I'm on .NET 4, so i'm utilizing ObjectCache as a singleton instance of MemoryCache.Default . I have a service layer which works with the cache, and the services accept an instance of ObjectCache , which is done via constructor DI. This way all the services share the same ObjectCache instance.

The main thread safety issue is I need to loop through the current "cached" collection, and if the child I'm working with is already there, I need to remove it and add the one I'm working with back in, this enumeration is what causes the issues.

Any recommendations?

Yes, to implement a cache efficiently, it needs a fast lookup mechanism and so List<T> is the wrong data structure out-of-the-box. A Dictionary<TKey, TValue> is an ideal data structure for a cache because it provides a way to replace:

var value = instance.GetValueExpensive(key);

with:

var value = instance.GetValueCached(key);

by using cached values in a dictionary and using the dictionary to do the heavy lifting for lookup. The caller is none the wiser.

But, if the callers could be calling from multiple threads then .NET4 provides ConcurrentDictionary<TKey, TValue> that works perfectly in this situation. But what does the dictionary cache? It seems like in your situation the dictionary key is the child and the dictionary values are the database results for that child.

OK, so now we have a thread-safe and efficient cache of database results keyed by child. What data structure should we use for the database results?
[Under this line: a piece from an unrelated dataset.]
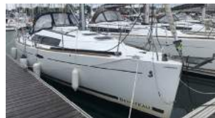
OCÉANIS 31 DÉRIVEUR ANNÉE 2012 65 000 €

You haven't said what those results look like but since you use LINQ we know that they are at least IEnumerable<T> and maybe even List<T> . So we're back to the same problem, right? Because List<T> is not thread-safe, we can't use it for the dictionary value. Or can we?

A cache must be read-only from the point-of-view of the caller. You say with LINQ you "do stuff" like add/remove, but that makes no sense for a cached value . It only makes sense to do stuff in the implementation of the cache itself such as replacing a stale entry with new results.

The dictionary value, because it is read-only, can be a List<T> with no ill effects , even though it will be accessed from multiple threads. You can use List<T>.AsReadOnly to improve your confidence and add some compile-time safety checking.

But the important point is that List<T> is only not thread-safe if it is mutable. Since by definition a method implemented using a cache must return the same value if called multiple times (until the value is invalidated by the cache itself), the client cannot modify the returned value and so the List<T> must be frozen, effectively immutable.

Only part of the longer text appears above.